NextCloud on Azure - App Service Setup (Part 2)

Azure App Service Linux to me has always been very much of a black box. It does some magic behind the scenes to determine what was deployed to it and figure out how to auto startup. It’s even more of a black box when using containers, there is minal logging and (as far as I can tell) it’s not possible to ssh into a container just to check in on things.

While it’s possible to deploy using a multi-container setup (Nextcloud + MySQL/MariaDB containers), I don’t really advise it just because of the lack of available logging. What we’ll worry about in this post is setting up the local storage for NextCloud docker container and talk about database later on. This also implies that we won’t be using SQLite, it just doesn’t work and I doubt the persistent storage would be fast enough anyways.

Persistent Storage

The biggest problem with App Service is persistent storage. When using app service the assumption is that the node the instance is running on can be restarted and/or deployed to a new node at any time and anything changed or stored are lost forever. The only thing you can expect to persist between instances is the application code or in this case the docker container.

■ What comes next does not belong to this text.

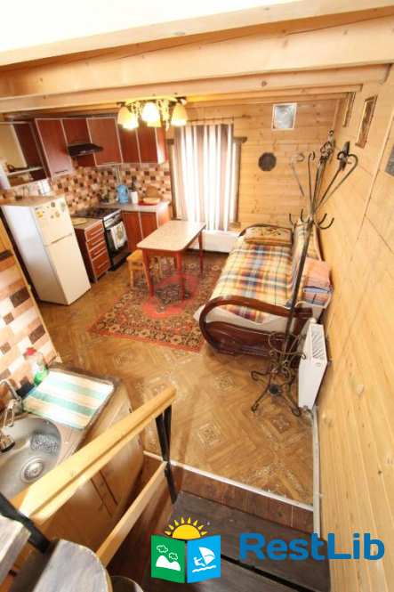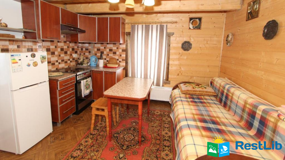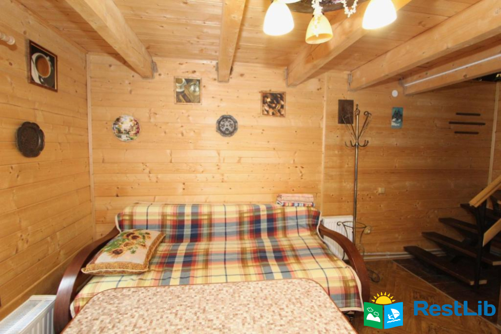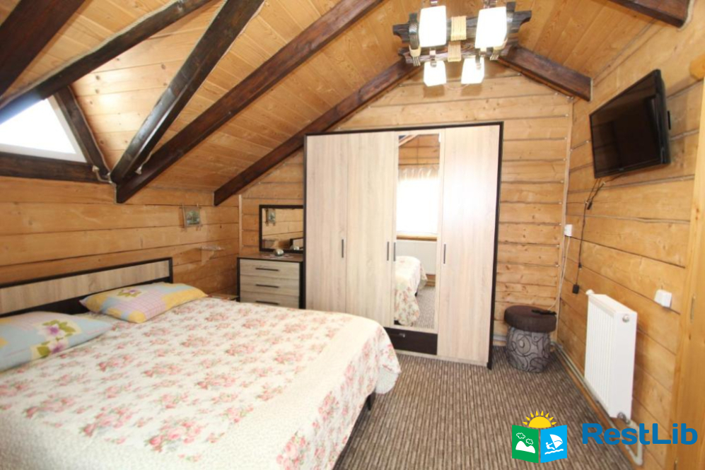 Окремий двоповерховий котедж який призначений тільки для наших гостей. На першому поверсі є вітальня з кухнею. На другому поверсі спальня з великим двоспальним ліжком і балконом, з якого відкривається вид на гори. У вітальні також є диван, який при бажанні може використовуватися як додаткове спальне ліжко.

There are a couple of options for persistent storage, hint, there is one option that is (unscientifically) an order of magnitude slower than the other. This blog post from Tom Kerkhove does a fantastic job at explaining the options.

Summary of the post, there are two options:

1. App Service Persistent Shared Storage (MS Docs)
2. Azure Storage Account File Share (MS Docs, maybe it’s a little old?)

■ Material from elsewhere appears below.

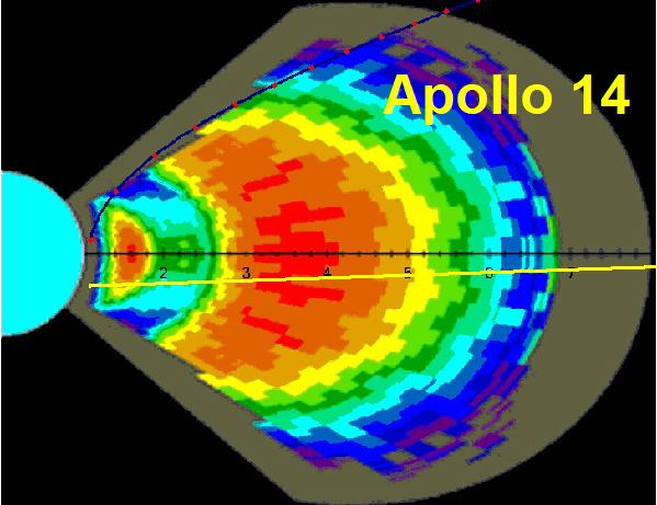 ![]() Et, si nous comparons Apollo 11 (sur la gauche des graphes) avec Apollo 17 (sur la droite des graphes), nous voyons qu'Apollo 17 a une durée substantiellement plus petite que pour Apollo 11, ce qui signifie qu'il est descendu plus rapidement, des paramètres de chauffe plus élevés, ainsi qu'une dose de radiation plus élevée, ce qui est compatible avec une descente plus rapide. Mais, alors que nous nous attendrions à ce qu'Apollo 17 ait un g maximum plus élevé que celui d'Apollo 11, il a illogiquement un g maximum un peu plus petit! On peut trouver d'autres incohérences dans cette table, ce qui jette un sérieux doute sur ces rentrées. |

Option #2 is excessively slower, the app will eventually load and configure but it’s more or less unusable (think 30-60 seconds minimum to load pages).

Option #1 is quite a bit faster and it’s usable but it’s not fast.

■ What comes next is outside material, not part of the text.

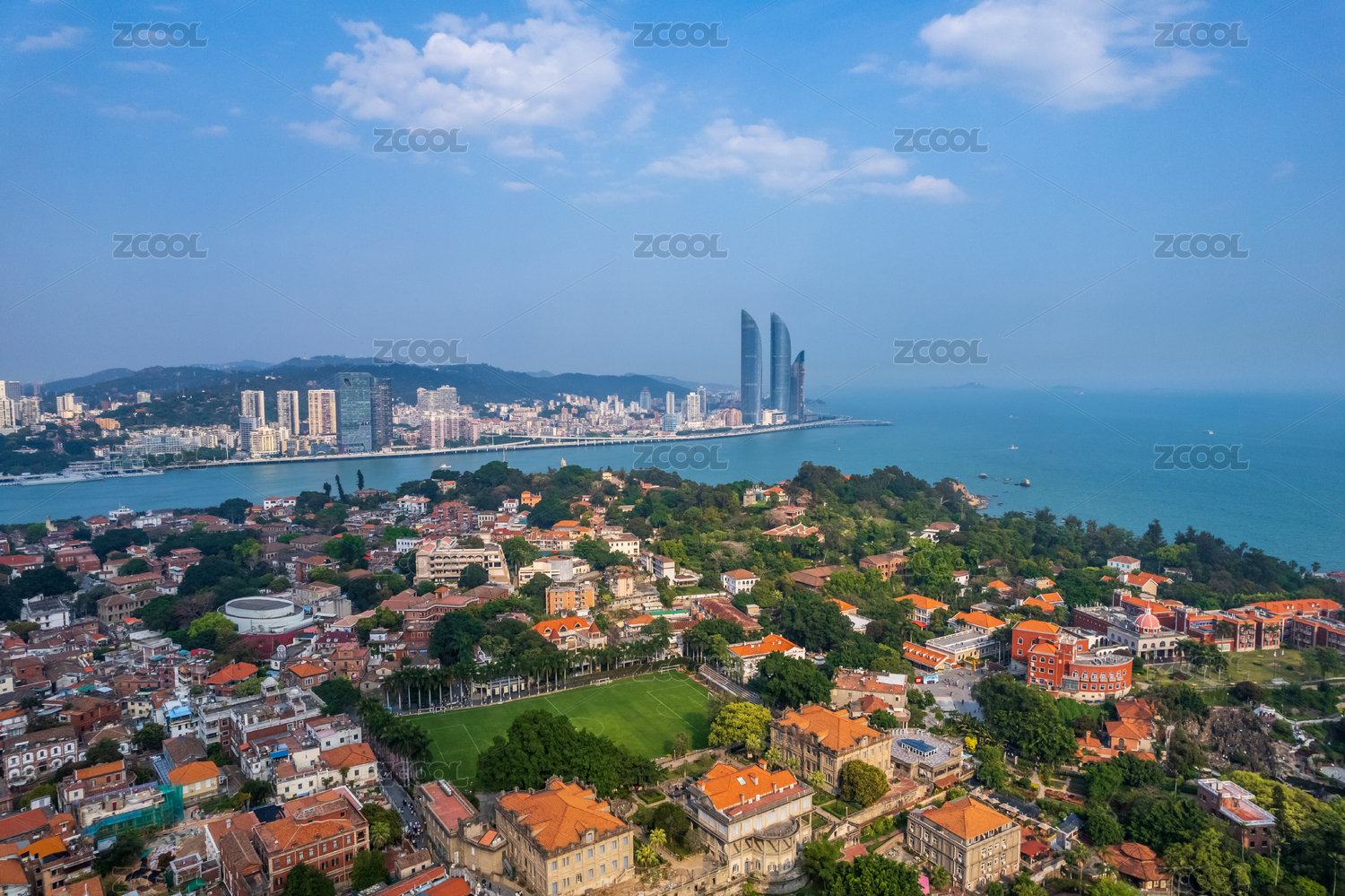 中国福建厦门双子塔和鼓浪屿晴天风光

From what I understand the underlying architecture between the two is that they are mapped network storage (obviously #2 is), one is closer to the node (and faster) than the other.

Deployment

Storage Account

Nothing fancy, just deploying a standard v2 storage account. We’re only going to use this for file storage all the configurations will sit in the shared persistent storage on the App Service. However you technically don’t need this, if you are going to use another type of storage built into NextCloud like AWS S3 or BlackBlaze (which is S3 compatible). But I would recommend doing it as you only pay based on usage.

What this will create is a new storage account, a file share named nextcloud-data, and retrieves the storage key.

az storage account create --name $storagename --resource-group $rg --subscription $subscription --access-tier Hot --sku 'Standard_LRS'
az storage share create --account-name $storagename --name 'nextcloud-data'
$key = az storage account keys list  --account-name $storagename --resource-group $rg --subscription $subscription --query [0].value

See the bottom for the full script

Deploying App Service

Deployment is pretty straight forward, we’ll create an App Service Plan for Linux, App Service Linux using Docker Compose to define the container, and if you have a domain setup custom DNS.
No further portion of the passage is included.